++++ Entries shown

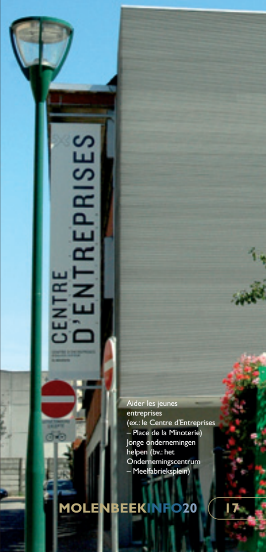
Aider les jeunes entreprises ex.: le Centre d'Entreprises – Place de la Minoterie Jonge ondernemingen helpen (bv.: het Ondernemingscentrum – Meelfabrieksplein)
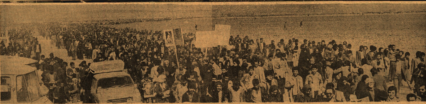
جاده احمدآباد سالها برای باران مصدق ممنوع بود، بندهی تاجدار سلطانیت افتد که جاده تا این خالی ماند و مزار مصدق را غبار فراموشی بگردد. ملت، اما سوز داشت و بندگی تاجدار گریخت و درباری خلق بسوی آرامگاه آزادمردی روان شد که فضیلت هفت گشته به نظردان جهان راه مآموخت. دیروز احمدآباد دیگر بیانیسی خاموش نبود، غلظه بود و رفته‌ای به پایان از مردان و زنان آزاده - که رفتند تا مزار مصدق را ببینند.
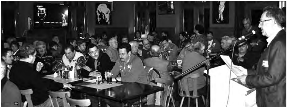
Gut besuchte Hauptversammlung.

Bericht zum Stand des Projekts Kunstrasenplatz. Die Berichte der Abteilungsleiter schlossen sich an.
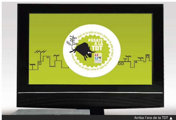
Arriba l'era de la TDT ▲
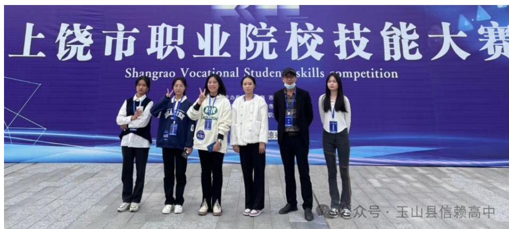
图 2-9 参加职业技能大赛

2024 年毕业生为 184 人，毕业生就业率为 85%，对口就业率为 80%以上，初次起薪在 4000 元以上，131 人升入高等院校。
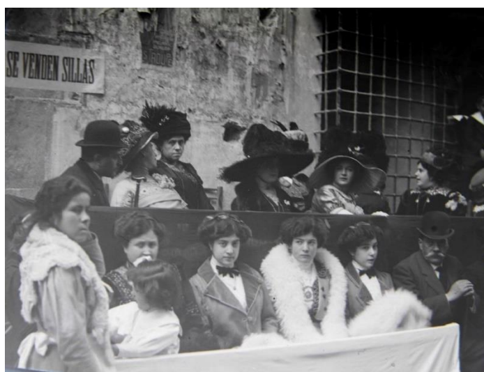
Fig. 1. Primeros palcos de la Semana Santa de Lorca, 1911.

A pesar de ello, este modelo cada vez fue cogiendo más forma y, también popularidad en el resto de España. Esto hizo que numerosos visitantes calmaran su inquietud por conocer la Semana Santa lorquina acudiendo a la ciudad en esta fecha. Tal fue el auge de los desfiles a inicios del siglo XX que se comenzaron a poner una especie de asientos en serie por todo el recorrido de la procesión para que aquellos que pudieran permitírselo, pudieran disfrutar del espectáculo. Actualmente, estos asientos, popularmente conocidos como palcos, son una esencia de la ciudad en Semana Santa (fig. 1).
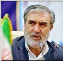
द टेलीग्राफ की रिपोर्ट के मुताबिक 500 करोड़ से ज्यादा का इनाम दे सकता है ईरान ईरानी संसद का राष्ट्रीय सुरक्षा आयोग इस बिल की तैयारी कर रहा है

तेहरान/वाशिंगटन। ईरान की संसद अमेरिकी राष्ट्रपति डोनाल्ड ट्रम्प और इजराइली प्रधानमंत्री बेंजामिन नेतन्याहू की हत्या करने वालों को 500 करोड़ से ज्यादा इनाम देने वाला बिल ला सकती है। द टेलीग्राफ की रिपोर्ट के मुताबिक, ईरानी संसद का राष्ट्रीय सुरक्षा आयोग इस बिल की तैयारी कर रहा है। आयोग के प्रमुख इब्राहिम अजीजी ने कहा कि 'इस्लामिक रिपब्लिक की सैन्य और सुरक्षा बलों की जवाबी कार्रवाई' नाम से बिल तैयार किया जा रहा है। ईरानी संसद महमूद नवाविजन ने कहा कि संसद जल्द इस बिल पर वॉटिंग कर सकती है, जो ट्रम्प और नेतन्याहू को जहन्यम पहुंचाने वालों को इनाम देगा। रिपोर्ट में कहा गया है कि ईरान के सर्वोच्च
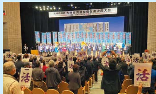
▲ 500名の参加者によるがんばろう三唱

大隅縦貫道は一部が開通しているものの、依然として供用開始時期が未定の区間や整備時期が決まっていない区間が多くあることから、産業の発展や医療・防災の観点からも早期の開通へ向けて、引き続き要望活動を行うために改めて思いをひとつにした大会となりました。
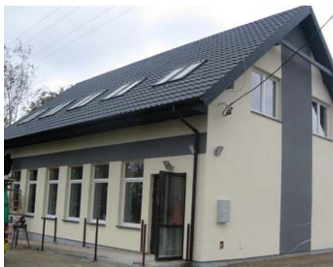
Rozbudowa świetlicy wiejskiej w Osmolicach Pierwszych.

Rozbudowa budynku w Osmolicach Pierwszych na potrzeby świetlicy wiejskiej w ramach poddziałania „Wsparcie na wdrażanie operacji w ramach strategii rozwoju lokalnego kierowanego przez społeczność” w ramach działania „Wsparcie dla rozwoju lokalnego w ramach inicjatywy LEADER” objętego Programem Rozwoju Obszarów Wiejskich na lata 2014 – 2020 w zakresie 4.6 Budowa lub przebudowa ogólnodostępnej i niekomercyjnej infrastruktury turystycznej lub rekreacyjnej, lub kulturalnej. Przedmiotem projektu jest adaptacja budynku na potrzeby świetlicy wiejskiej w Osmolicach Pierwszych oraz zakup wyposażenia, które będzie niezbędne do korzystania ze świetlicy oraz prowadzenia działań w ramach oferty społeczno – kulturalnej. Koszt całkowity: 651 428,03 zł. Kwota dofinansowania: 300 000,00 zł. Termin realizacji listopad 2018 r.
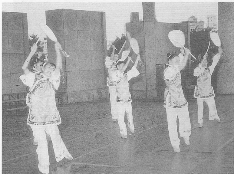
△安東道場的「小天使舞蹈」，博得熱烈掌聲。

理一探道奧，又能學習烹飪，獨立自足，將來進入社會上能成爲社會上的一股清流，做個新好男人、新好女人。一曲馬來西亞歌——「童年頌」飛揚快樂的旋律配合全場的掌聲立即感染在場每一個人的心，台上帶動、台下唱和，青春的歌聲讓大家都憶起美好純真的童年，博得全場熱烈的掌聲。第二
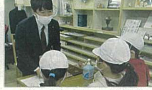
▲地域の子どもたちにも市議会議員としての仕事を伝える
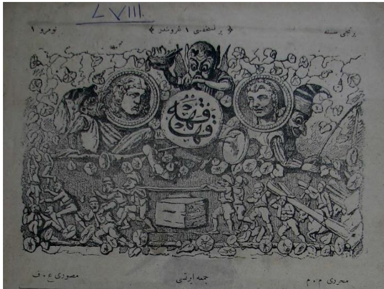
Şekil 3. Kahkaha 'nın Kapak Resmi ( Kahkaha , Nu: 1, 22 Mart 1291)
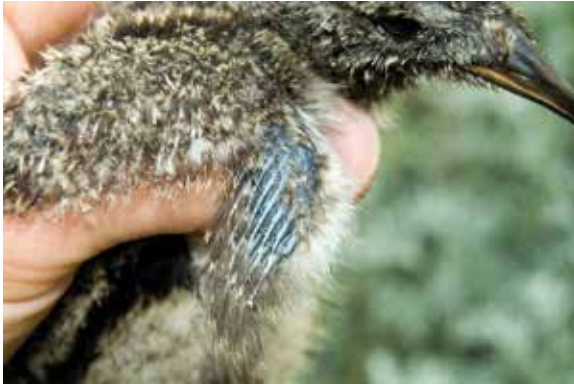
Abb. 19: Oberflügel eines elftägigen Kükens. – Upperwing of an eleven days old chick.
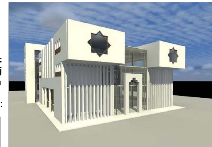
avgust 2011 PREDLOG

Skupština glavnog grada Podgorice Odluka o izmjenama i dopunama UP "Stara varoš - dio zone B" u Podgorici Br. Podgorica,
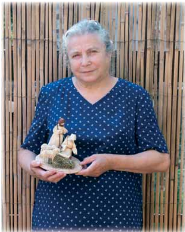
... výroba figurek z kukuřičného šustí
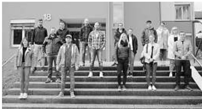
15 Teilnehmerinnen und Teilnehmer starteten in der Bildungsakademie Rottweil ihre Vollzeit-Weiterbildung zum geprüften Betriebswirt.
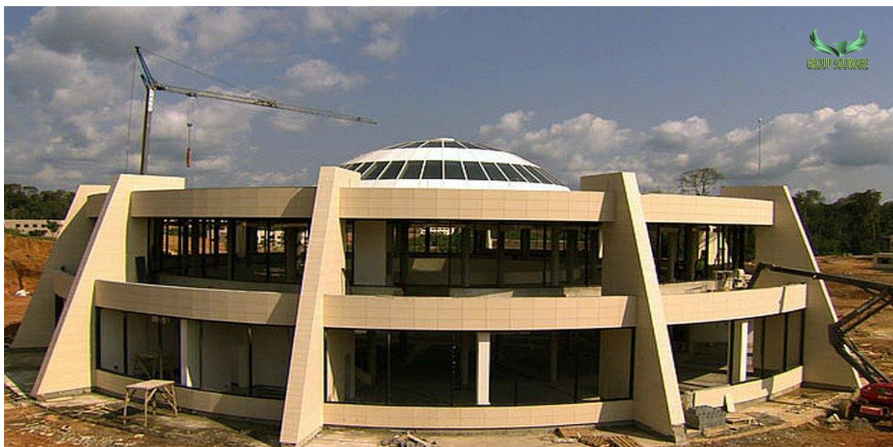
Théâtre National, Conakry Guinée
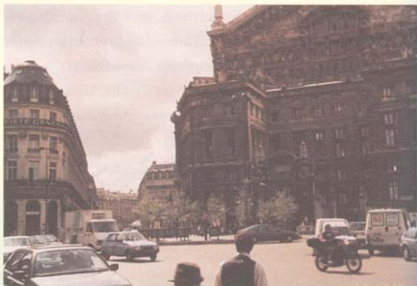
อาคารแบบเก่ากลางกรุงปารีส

++++++++

* **Problem description**
Everything above from the line containing "द टेलीग्राफ की रिपोर्ट के मुताबिक 500" through the line containing "Rozbudowa świetlicy wiejskiej" must be repeated exactly, and the pictures must be left out.

* **Output**
द टेलीग्राफ की रिपोर्ट के मुताबिक 500 करोड़ से ज्यादा का इनाम दे सकता है ईरान ईरानी संसद का राष्ट्रीय सुरक्षा आयोग इस बिल की तैयारी कर रहा है

तेहरान/वाशिंगटन। ईरान की संसद अमेरिकी राष्ट्रपति डोनाल्ड ट्रम्प और इजराइली प्रधानमंत्री बेंजामिन नेतन्याहू की हत्या करने वालों को 500 करोड़ से ज्यादा इनाम देने वाला बिल ला सकती है। द टेलीग्राफ की रिपोर्ट के मुताबिक, ईरानी संसद का राष्ट्रीय सुरक्षा आयोग इस बिल की तैयारी कर रहा है। आयोग के प्रमुख इब्राहिम अजीजी ने कहा कि 'इस्लामिक रिपब्लिक की सैन्य और सुरक्षा बलों की जवाबी कार्रवाई' नाम से बिल तैयार किया जा रहा है। ईरानी संसद महमूद नवाविजन ने कहा कि संसद जल्द इस बिल पर वॉटिंग कर सकती है, जो ट्रम्प और नेतन्याहू को जहन्यम पहुंचाने वालों को इनाम देगा। रिपोर्ट में कहा गया है कि ईरान के सर्वोच्च
▲ 500名の参加者によるがんばろう三唱

大隅縦貫道は一部が開通しているものの、依然として供用開始時期が未定の区間や整備時期が決まっていない区間が多くあることから、産業の発展や医療・防災の観点からも早期の開通へ向けて、引き続き要望活動を行うために改めて思いをひとつにした大会となりました。
Rozbudowa świetlicy wiejskiej w Osmolicach Pierwszych.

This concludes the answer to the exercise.